§ **Work task**: Lower down are entries containing pictures. Copy exactly, without those pictures, the lines from the line with "NewParkLane - Chinelos" through the line with "BMW Motorcycles of".

§ **Data to examine**:
--- START ---

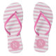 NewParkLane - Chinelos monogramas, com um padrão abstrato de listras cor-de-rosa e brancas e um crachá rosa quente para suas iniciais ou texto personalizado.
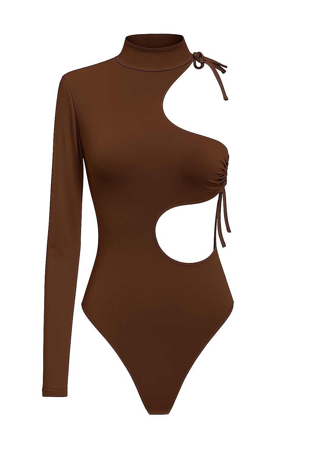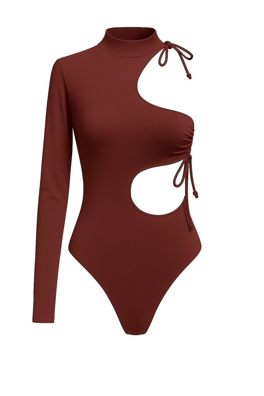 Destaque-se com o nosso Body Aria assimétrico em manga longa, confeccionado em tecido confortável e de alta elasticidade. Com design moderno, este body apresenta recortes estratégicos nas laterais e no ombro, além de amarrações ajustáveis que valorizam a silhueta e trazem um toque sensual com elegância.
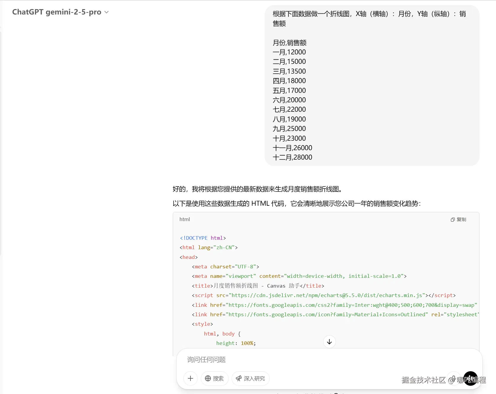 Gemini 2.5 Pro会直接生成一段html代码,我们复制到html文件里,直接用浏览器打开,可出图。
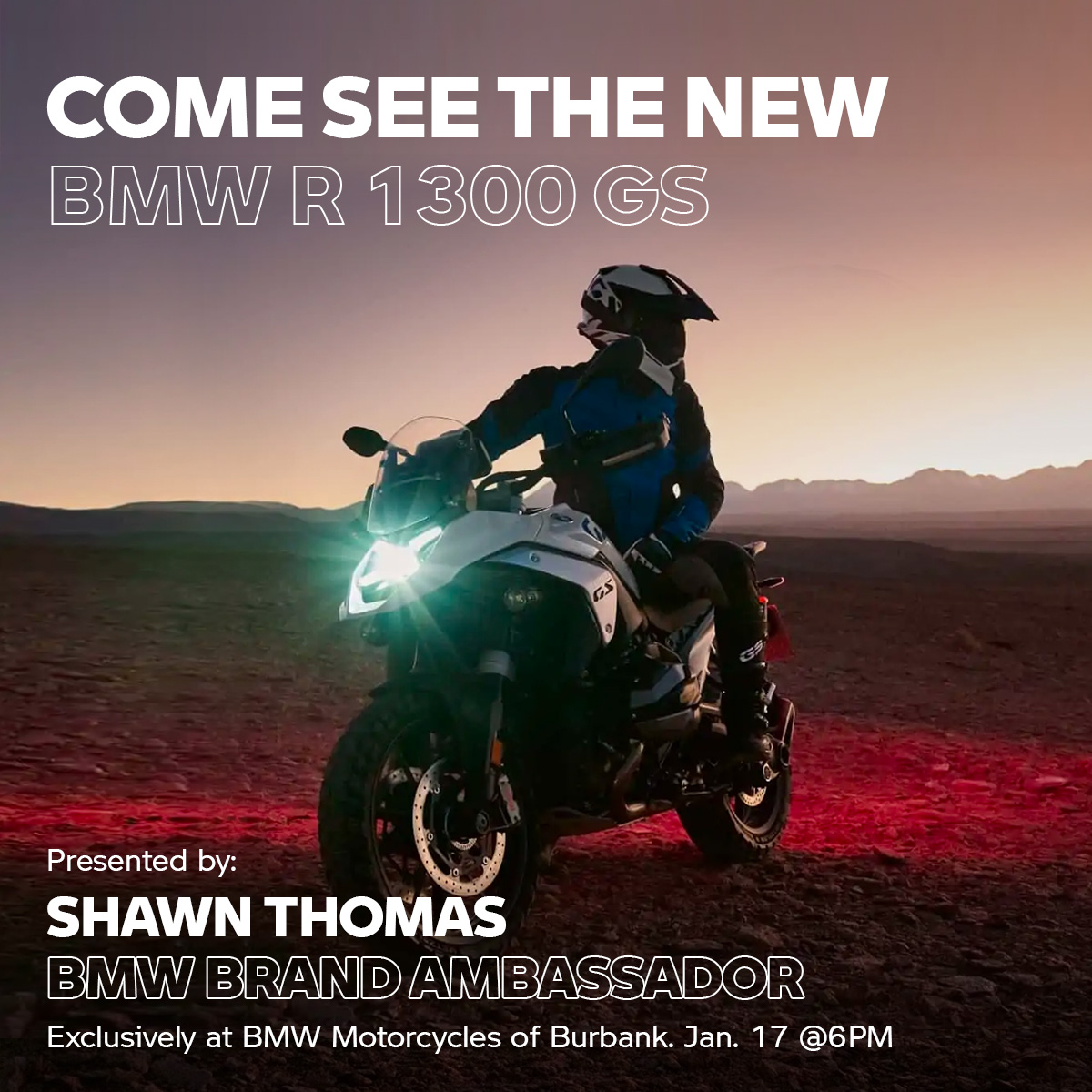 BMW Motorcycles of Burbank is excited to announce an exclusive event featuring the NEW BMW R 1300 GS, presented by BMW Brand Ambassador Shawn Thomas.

--- END ---
--- START ---

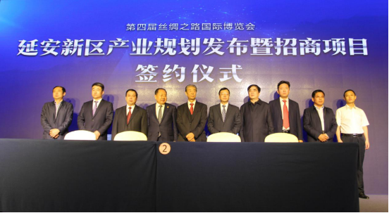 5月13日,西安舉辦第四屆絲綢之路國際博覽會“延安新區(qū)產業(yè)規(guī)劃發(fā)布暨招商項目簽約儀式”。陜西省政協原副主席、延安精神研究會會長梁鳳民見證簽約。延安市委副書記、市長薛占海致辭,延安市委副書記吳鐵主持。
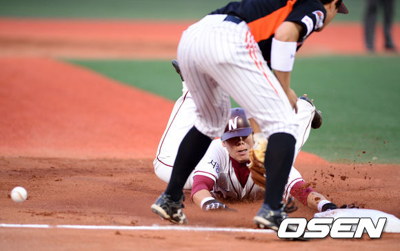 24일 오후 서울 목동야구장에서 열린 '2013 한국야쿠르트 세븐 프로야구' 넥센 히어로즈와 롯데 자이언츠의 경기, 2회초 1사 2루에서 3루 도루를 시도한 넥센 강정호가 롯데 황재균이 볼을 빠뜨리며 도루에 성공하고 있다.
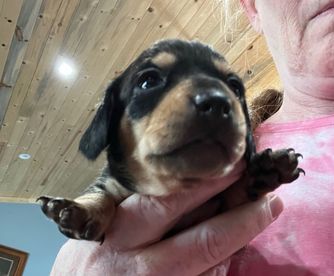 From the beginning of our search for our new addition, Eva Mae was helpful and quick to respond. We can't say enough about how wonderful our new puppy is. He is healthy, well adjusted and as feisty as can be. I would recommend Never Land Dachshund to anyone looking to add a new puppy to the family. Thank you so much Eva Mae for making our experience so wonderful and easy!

--- END ---

§ **Response box**:
 NewParkLane - Chinelos monogramas, com um padrão abstrato de listras cor-de-rosa e brancas e um crachá rosa quente para suas iniciais ou texto personalizado.
 Destaque-se com o nosso Body Aria assimétrico em manga longa, confeccionado em tecido confortável e de alta elasticidade. Com design moderno, este body apresenta recortes estratégicos nas laterais e no ombro, além de amarrações ajustáveis que valorizam a silhueta e trazem um toque sensual com elegância.
 Gemini 2.5 Pro会直接生成一段html代码,我们复制到html文件里,直接用浏览器打开,可出图。
 BMW Motorcycles of Burbank is excited to announce an exclusive event featuring the NEW BMW R 1300 GS, presented by BMW Brand Ambassador Shawn Thomas.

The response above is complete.